People were able to donate millions of dollars to restore what had burned down in Notre-Dame! Why can't you use THAT to feed the hungry, the sick and solve the world's problems!
As much as how I'd love the idea of that, it's just not going to happen.
Notre-Dame's case is a measurable and actionable effort—you know exactly what to expect (i.e., restore it to its original form), it's all in a single place, and donated money all goes to that particular effort.
Feeding the hungry? Can people even define a plan to solving this? No way we're just feeding people once and that's it. Solving world hunger requires either a constant flow of food to the right places (a recurring cost, and that's just food! How about other necessities?) or building the necessary support structure to feed entire populations across different continents (a massive undertaking, which likely involves bureaucratic difficulties here and there).

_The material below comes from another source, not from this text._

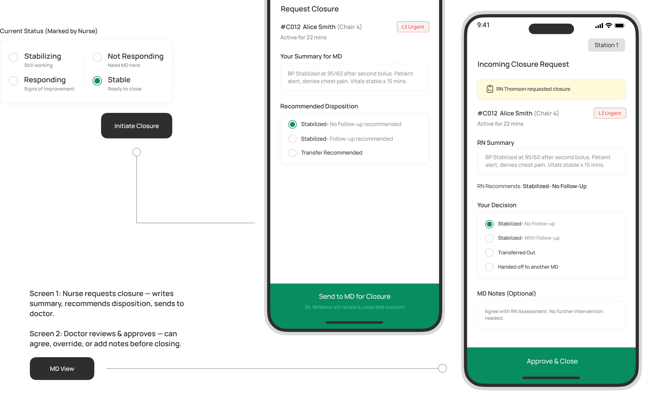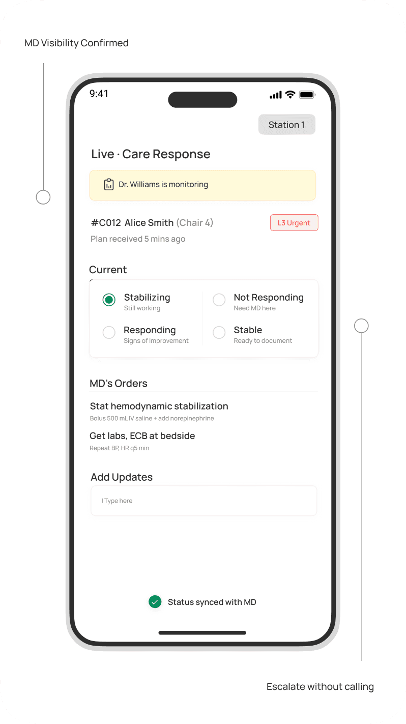 During an emergency, the nurse's hands are busy. A single status selector (Stabilizing → Responding → Not Responding → Stable) takes one tap. The doctor sees it instantly.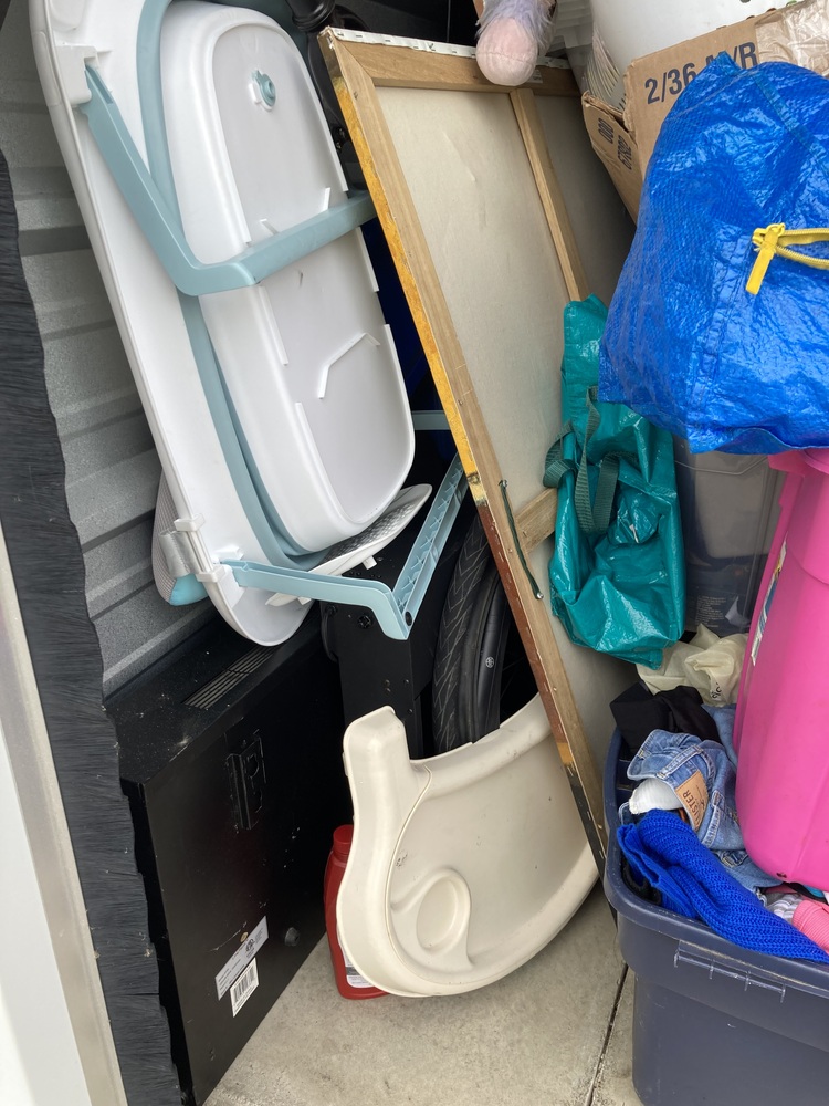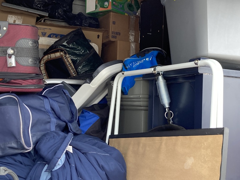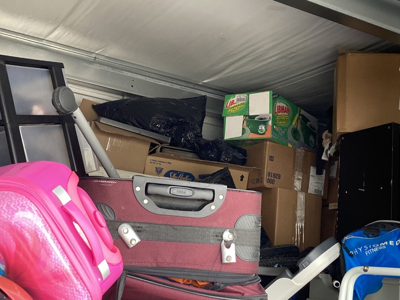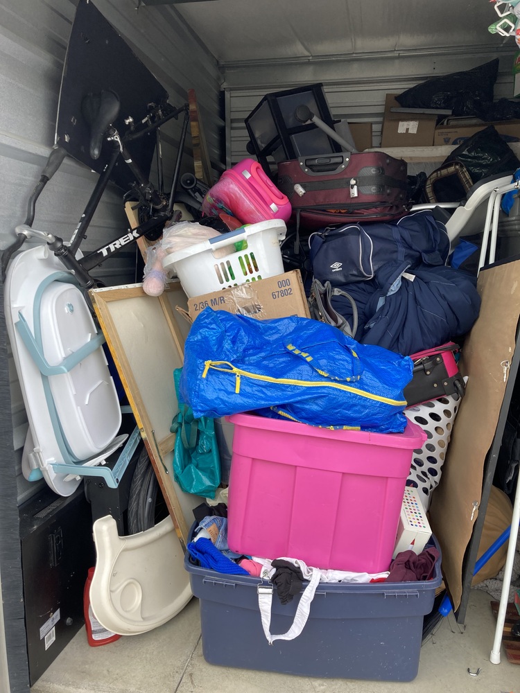 Totes, boxes, furniture, pictures, tools, suitcases, bicycle and baby items.

There isn't even a leadership responsible to solving the task, so you have to deal with logistics and trust too, because there's always a possibility that the funds will be misused when given to the wrong hands.
Funnily enough, what I've described is called a working government if they actually worked wonderfully towards the welfare of their citizens. Alternately, charities and humanitarian organizations exist for this reason—to support people on particular areas or problems that need the most help.
Humanity IS doing something about these problems, but they're not just simply going to disappear with a ton of cash. It takes people and time too! Implying that humanity isn't doing anything just feels disingenuous in my opinion.
I'd definitely give food and money if I ever see a starving child and no one's doing something about it, but I know that's just temporary.
Solving the actual problems is significantly harder.